In understanding the motivation for gameplay, then, it is more useful to pursue Tomkins argument that drives are not effective in themselves but require amplification from affects. Indeed, for Tomkins, not only may affects be sufficient motivators in themselves: “It is the affects rather than the drives which are the primary human motives” (p. 111). In identifying the nature of affects, and differentiating them, he argues that the face is the primary site of action for the affect system and that there are nine innate affects identified with distinct facial responses, three positive and six negative:
The positive affects are as follows: first, interest or excitement, in which we observe that the eyebrows are down and the stare tracking an object or fixed on it; second, enjoyment or joy, the smiling response; third, surprise or startle, with eyebrows raised and eyes blinking.

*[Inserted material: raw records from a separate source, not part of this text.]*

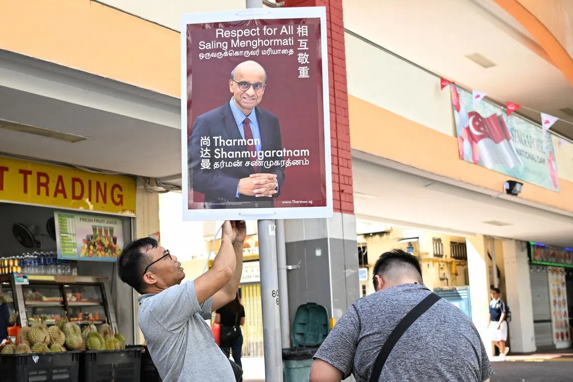 Posters of presidential candidate Tharman Shanmugaratnam being put up in Jalan Besar on Tuesday.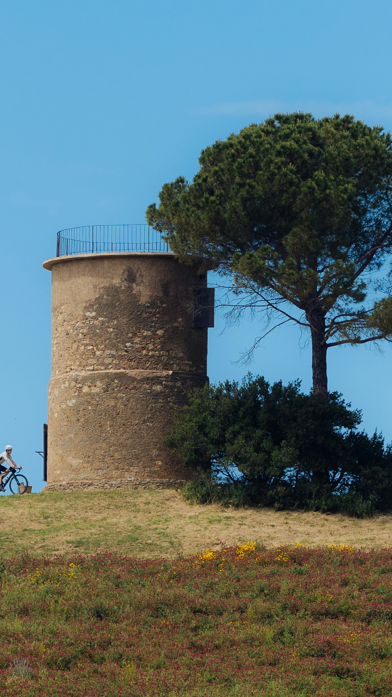 As far as the eye can see, on the slopes around where we cycle, white geysers punctuate the green woods. The areas around Pomarance are used for geothermal energy. From time to time, we have to wade through the botri, rainwater run-off channels that suddenly appear in the countryside and woods. Then Chiara or Frank point to somewhere downhill and say: ‘Here is the mill!’, meaning a windmill located on the top of a hillock and which has become one of the symbols of Bibbona. Actually, I think they mean: ‘Here's home!’.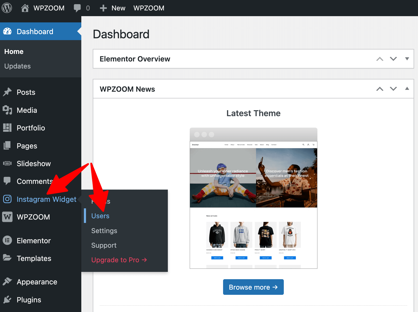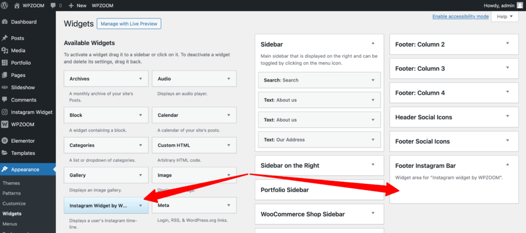 6. Add the Instagram Widget by WPZOOM widget to the Footer Instagram Bar area: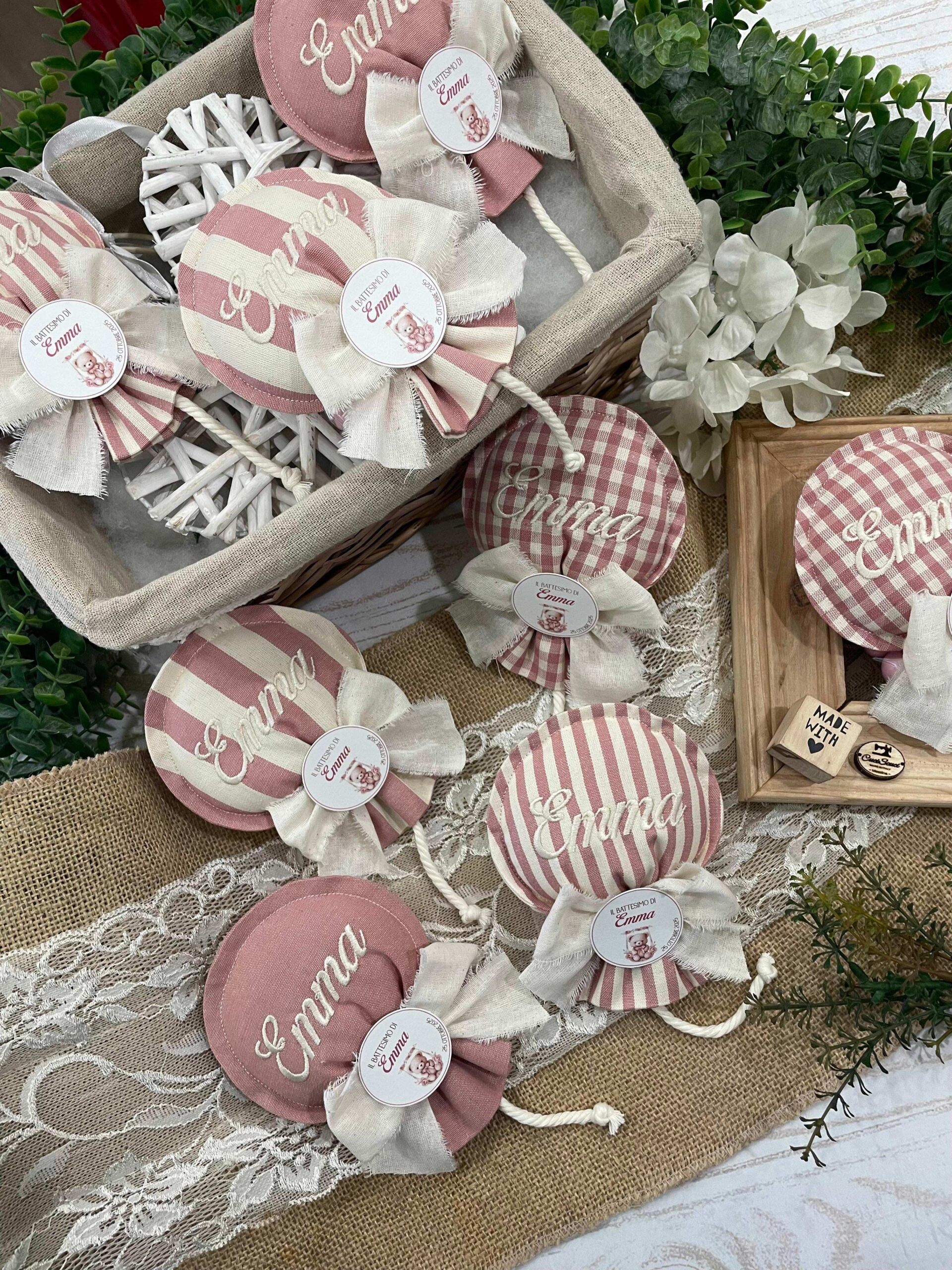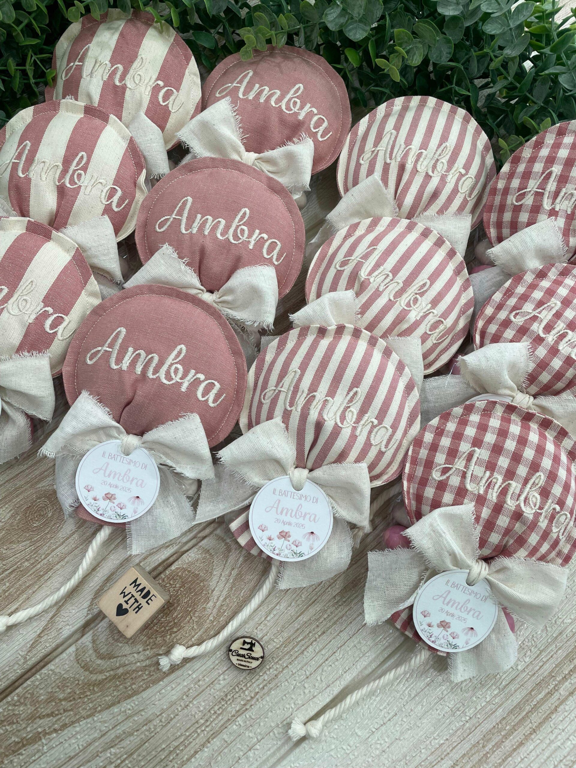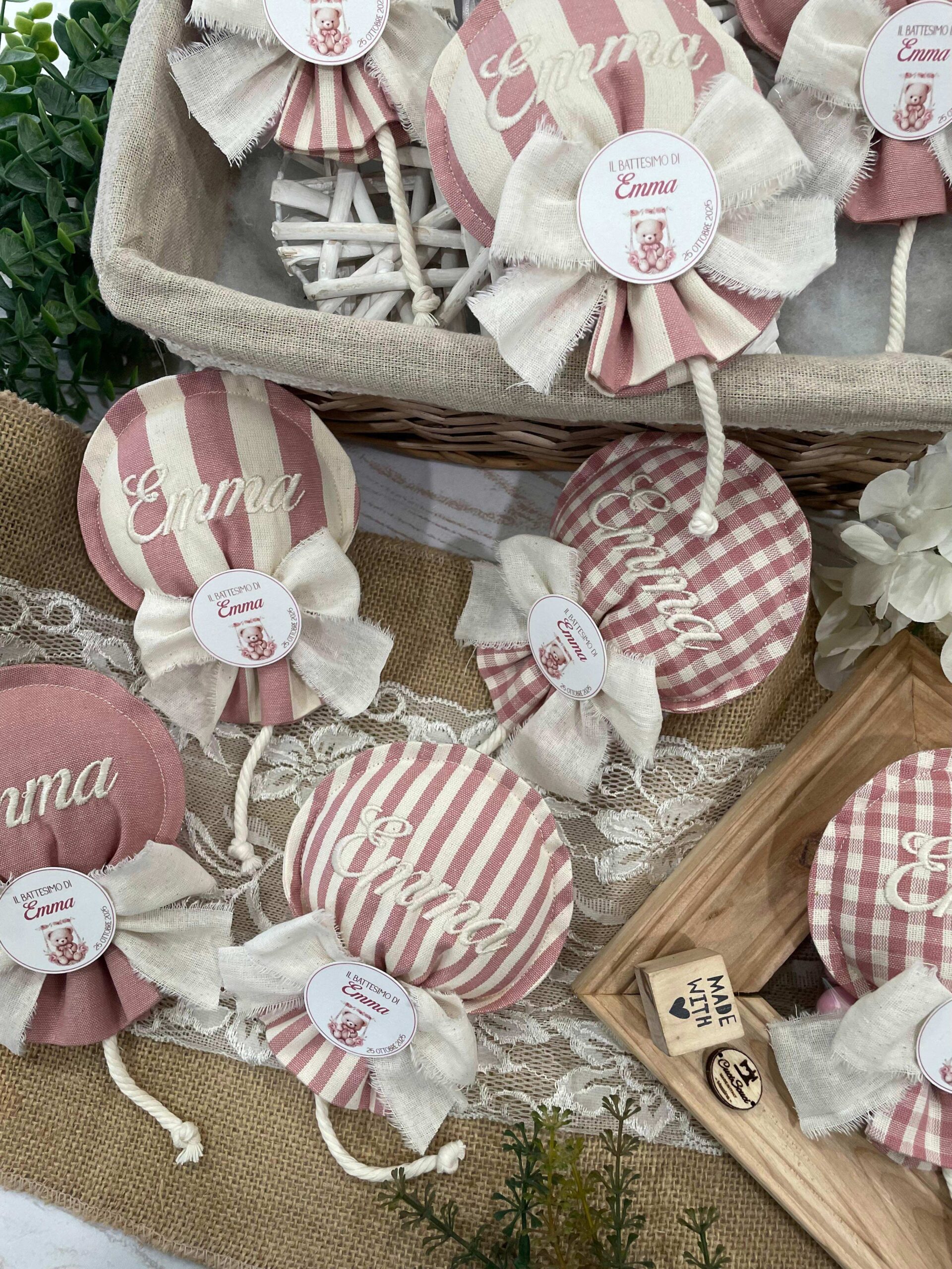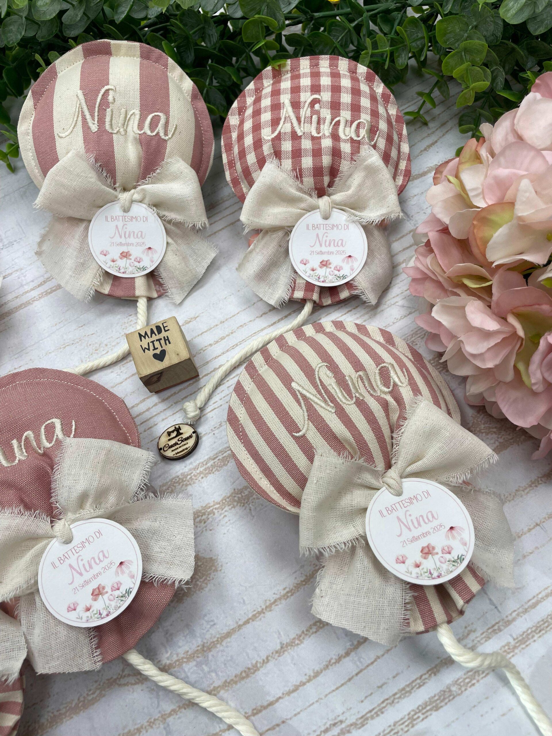 Realizzato con cotone tinto filo in fantasie assortite (o a scelta) nei toni del rosa antico e del panna con l’applicazione di un tag personalizzato.

The negative affects are the following: first, distress or anguish, the crying response; second, fear or terror, in which the eyes may be frozen open in a fixed stare or moving away from the dreaded object to the side, the skin pale, cold, sweating, and trembling, and the hair erect; third, shame or humiliation, with the eyes and head lowered; fourth, dissmell, with the upper lip raised; fifth, disgust, with the lower lip lowered and protruded; sixth, anger or rage, with a frown, clenched jaw and red face. (Tomkins, 1987, p. 139)
These innate affects are, with the exception of the food-centred and drive-based mechanisms of dissmell and disgust, identified with two names to identify both a moderate and extreme form of the affect. Of these nine, the basic six are interest-excitement, enjoyment-joy, surprise-startle, fear-terror, distress-anguish, and anger-rage. The affects of disgust and dismell are defensive auxiliary affects of the drives for hunger, thirst and oxygen, and are of less importance in analysing the computer as a medium. Shame-humiliation is an auxiliary affect produced through separation from interest and enjoyment and is relevant in understanding processes of game mastery and frustration.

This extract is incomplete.